DESCRIPTION OF SYMBOLS 1 Adjustment function evaluation apparatus 10 Imaging | photography optical system 30 Measurement optical system 30A Measurement drive part 50 Target projection optical system 50A Target drive part 60 Interference optical system 61 Light source unit 66 Optical scanner 70A Reference drive part 74 Reference mirror 76 Detection part 100 Control Unit 110 main control unit 120 storage unit 150 image forming unit 160 data processing unit 161 crystalline lens information generation unit 162 evaluation information generation unit 1621 change information acquisition unit 1622 information generation unit 163 optical characteristic information acquisition unit 180 user interface (UI)

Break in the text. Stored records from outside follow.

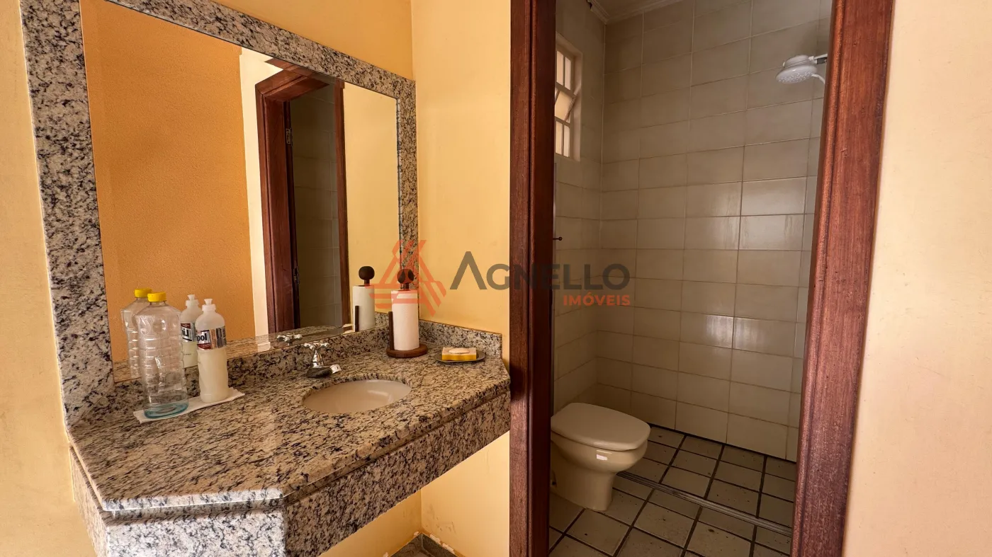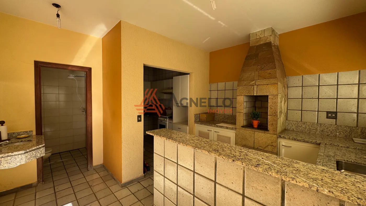 Varanda gourmet com churrasqueira, banheiro de apoio e piscina em alvenaria,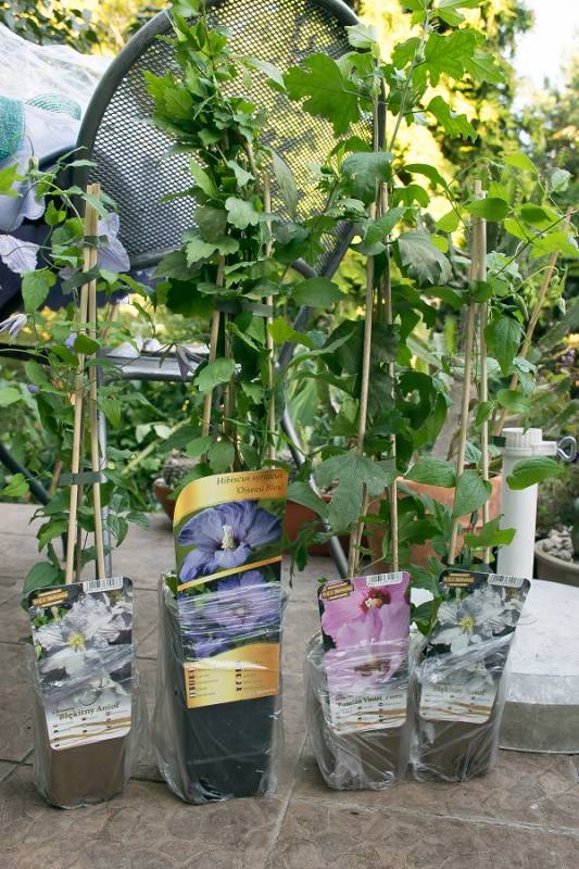 I od Wędrowskich dwa powojniki Błekitny Anioł i dwie ketmie: Blue Bird i Russian Violet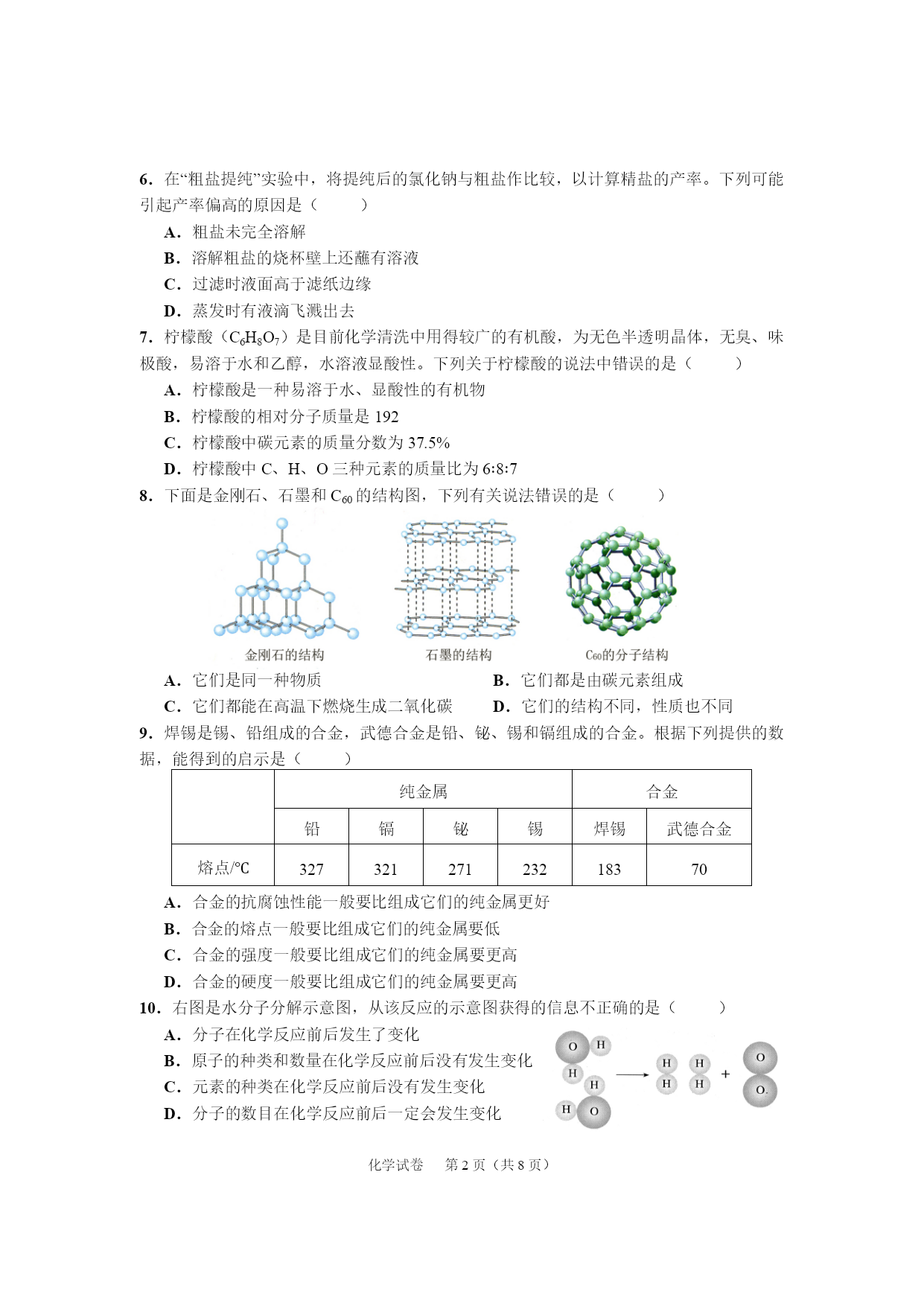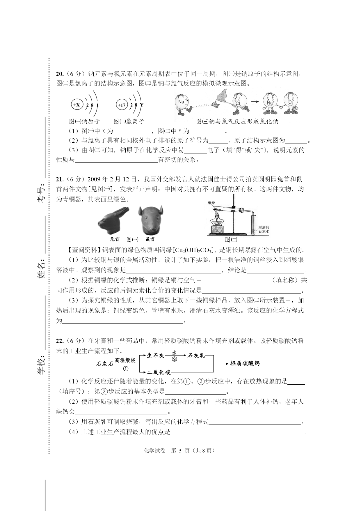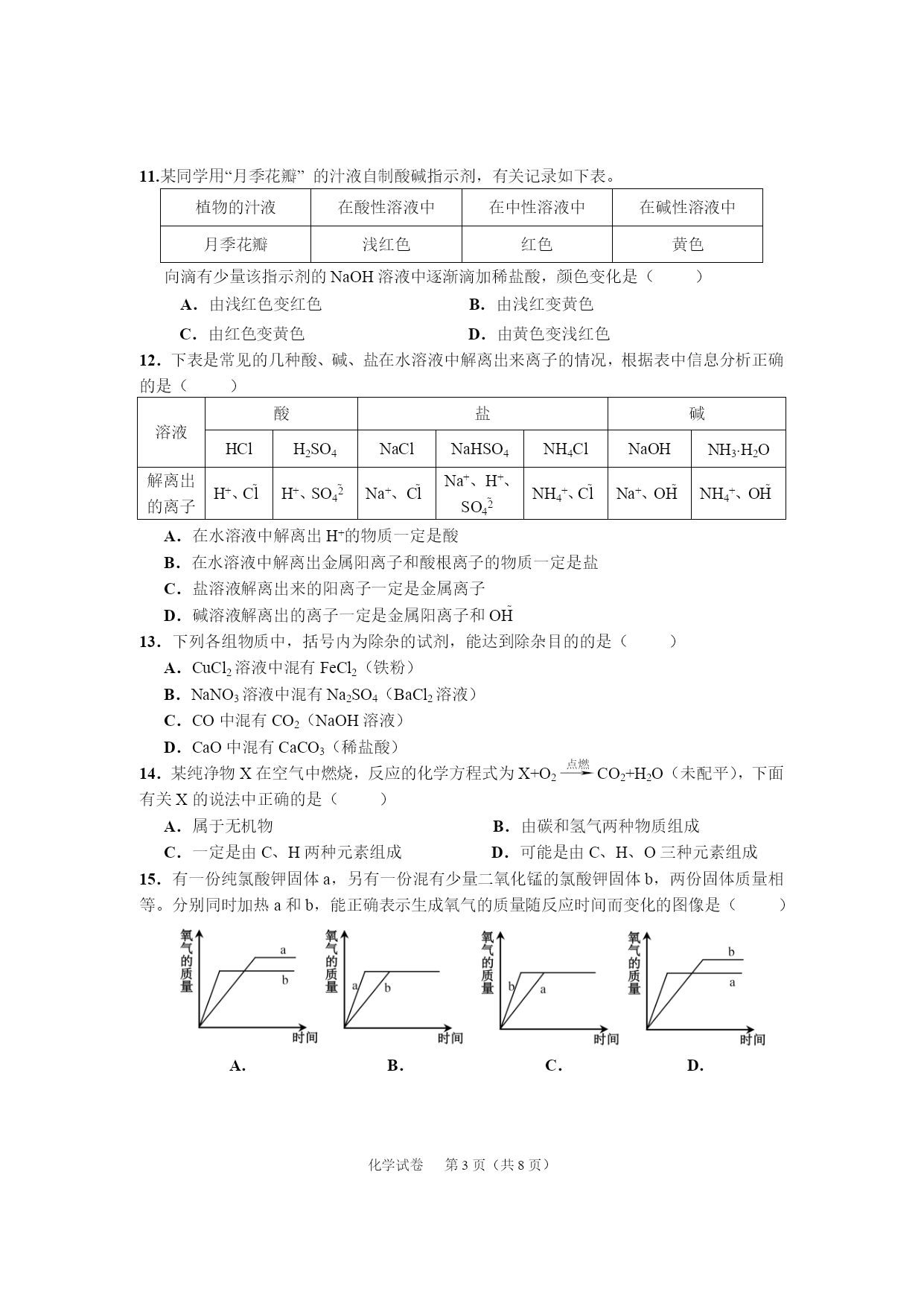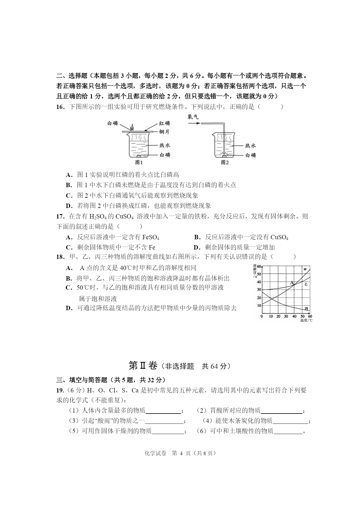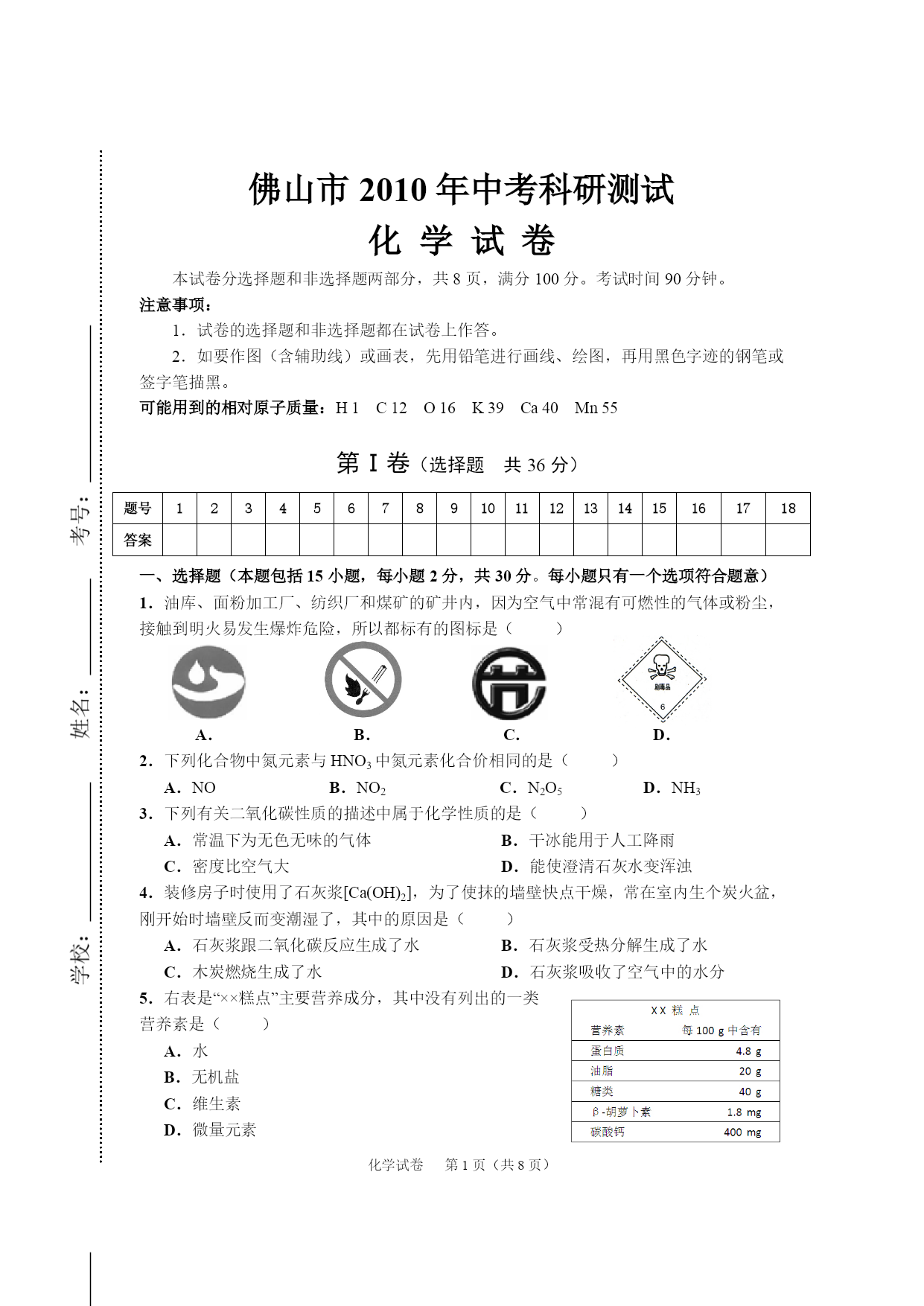 化学试卷第页()佛山市2010年中考科研测试化学试卷本试卷分选择题和非选择题两部分,,满分100分。考试时间90分钟。注意事项:1.试卷的选择题和非选择题都在试卷上作答。2.如要作图(含辅助线)或画表,先用铅笔进行画线、绘图,再用黑色字迹的钢笔或签字笔描黑。可能用到的相对原子质量:H1C12O16K39Ca40Mn55第Ⅰ卷(选择题共36分)题号123456789101112131415161718答案一、选择题(本题包括15小题,每小题2分,共30分。每小题只有一个选项符合题意)1.油库、面粉加工厂、纺织厂和煤矿的矿井内,因为空气中常混有可燃性的气体或粉尘,接触到明火易发生爆炸危险,所以都标有的图标是()A.B.C.D.2.下列化合物中氮元素与HNO3中氮元素化合价相同的是()A.NOB.NO2C.N2O5D.NH33.下列有关二氧化碳性质的描述中属于化学性质的是()A.常温下为无色无味的气体B.干冰能用于人工降雨C.密度比空气大D.能使澄清石灰水变浑浊4.装修房子时使用了石灰浆[Ca(OH)2],为了使抹的墙壁快点干燥,常在室内生个炭火盆,刚开始时墙壁反而变潮湿了,其中的原因是()A.石灰浆跟二氧化碳反应生成了水B.石灰浆受热分解生成了水C.木炭燃烧生成了水D.石灰浆吸收了空气中的水分5.右表是“××糕点”主要营养成分,其中没有列出的一类营养素是()A.水B.无机盐C.维生素D.微量元素6.在“粗盐提纯”实验中,将提纯后的氯化钠与粗盐作比较,以计算精盐的产率。下列可能引起产率偏高的原因是()A.粗盐未完全溶解B.溶解粗盐的烧杯壁上还蘸有溶液C.过滤时液面高于滤纸边缘D.蒸发时有液滴飞溅出去7.柠檬酸(C6H8O7)是目前化学清洗中用得较广的有机酸,为无色半透明晶体,无臭、味极酸,易溶于水和乙醇,水溶液显酸性。下列关于柠檬酸的说法中错误的是()A.柠檬酸是一种易溶于水、显酸性的有机物B.柠檬酸的相对分子质量是192C.柠檬酸中碳元素的质量分数为37.5%D.柠檬酸中C、H、O三种元素的质量比为6∶8∶78.下面是金刚石、石墨和C60的结构图,下列有关说法错误的是()A.它们是同一种物质B.它们都是由碳元素组成C.它们都能在高温下燃烧生成二氧化碳D.它们的结构不同,性质也不同9.焊锡是锡、铅组成的合金,武德合金是铅、铋、锡和镉组成的合金。根据下列提供的数据,能得到的启示是()纯金属合金铅镉铋锡焊锡武德合金熔点/℃32732127123218370A.合金的抗腐蚀性能一般要比组成它们的纯金属更好B.合金的熔点一般要比组成它们的纯金属要低C.合金的强度一般要比组成它们的纯金属要更高D.合金的硬度一般要比组成它们的纯金属要更高10.右图是水分子分解示意图,从该反应的示意图获得的信息不正确的是()A.分子在化学反应前后发生了变化B.原子的种类和数量在化学反应前后没有发生变化C.元素的种类在化学反应前后没有发生变化D.分子的数目在化学反应前后一定会发生变化11.某同学用“月季花瓣”的汁液自制酸碱指示剂,有关记录如下表。植物的汁液在酸性溶液中在中性溶液中在碱性溶液中月季花瓣浅红色红色黄色向滴有少量该指示剂的NaOH溶液中逐渐滴加稀盐酸,颜色变化是()A.由浅红色变红色B.由浅红变黄色C.由红色变黄色D.由黄色变浅红色12.下表是常见的几种酸、碱、盐在水溶液中解离出来离子的情况,根据表中信息分析正确的是()溶液酸盐碱HClH2SO4NaClNaHSO4NH4ClNaOHNH3H2O解离出的离子H+、ClH+、SO42Na+、ClNa+、H+、SO42NH4+、ClNa+、OHNH4+、OHA.在水溶液中解离出H+的物质一定是酸B.在水溶液中解离出金属阳离子和酸根离子的物质一定是盐C.盐溶液解离出来的阳离子一定是金属离子D.碱溶液解离出的离子一定是金属阳离子和OH13.下列各组物质中,括号内为除杂的试剂,能达到除杂目的的是()A.CuCl2溶液中混有FeCl2(铁粉)B.NaNO3溶液中混有Na2SO4(BaCl2溶液)C.CO中混有CO2(NaOH溶液)点燃D.CaO中混有CaCO3(稀盐酸)14.某纯净物X在空气中燃烧,反应的化学方程式为X+O2→CO2+H2O(未配平),下面有关X的说法中正确的是()A.属于无机物B.由碳和氢气两种物质组成C.一定是由C、H两种元素组成D.可能是由C、H、O三种元素组成15.有一份纯氯酸钾固体a,另有一份混有少量二氧化锰的氯酸钾固体b,两份固体质量相等。分别同时加热a和b,能正确表示生成氧气的质量随反应时间而变化的图像是()A.B.C.D.化学试卷第页()二、选择题(本题包括3小题,每小题2分,共6分。每小题有一个或两个选项符合题意。若正确答案只包括一个

181 Display unit 182 Operation unit E Eye to be examined

Claims (7)

An adjustment stimulus applying unit for applying an adjustment stimulus to the eye to be examined;
A measurement unit that performs optical coherence tomography on a target region in the eye to be examined including at least a part of the lens; and
Analyzing data acquired by the optical coherence tomography performed on the target region at least when the accommodation stimulus is applied to the eye to be examined, and generating evaluation information regarding the accommodation function of the eye to be examined With an analysis section and
The measurement unit repeatedly executes optical coherence tomography for the target region at a predetermined repetition rate,
The analysis unit obtains a time-series change of the crystalline form based on a time-series change of data acquired by optical coherence tomography repeatedly executed at the predetermined repetition rate, and based on the time-series change of the form The evaluation function is generated. The adjustment function evaluation apparatus characterized by the above-mentioned. The adjustment function evaluation apparatus according to claim 1, wherein the analysis unit generates the evaluation information based on a time-series change in the form during a period in which the adjustment stimulus is given to the eye to be examined. The adjustment function evaluation apparatus according to claim 2, wherein the analysis unit obtains at least one of a time-series change of the lens thickness and a time-series change of the shape of the lens as the time-series change of the form. The adjustment function evaluation apparatus according to claim 2 or 3, wherein the analysis unit obtains at least one of a change amount and a change speed of the form as a time-series change of the form. The said analysis part produces | generates the said evaluation information based on the time-sequential change of the said form in the period after the form of the crystalline lens of the eye to be examined to which the said adjustment stimulus was given. Adjustment function evaluation device. The adjustment function evaluation apparatus according to claim 5, wherein the analysis unit obtains at least one of a time-series change of the lens thickness and a time-series change of the shape of the lens as the time-series change of the form. The adjustment function evaluation apparatus according to claim 5, wherein the analysis unit obtains a fluctuation frequency of the form as a time series change of the form.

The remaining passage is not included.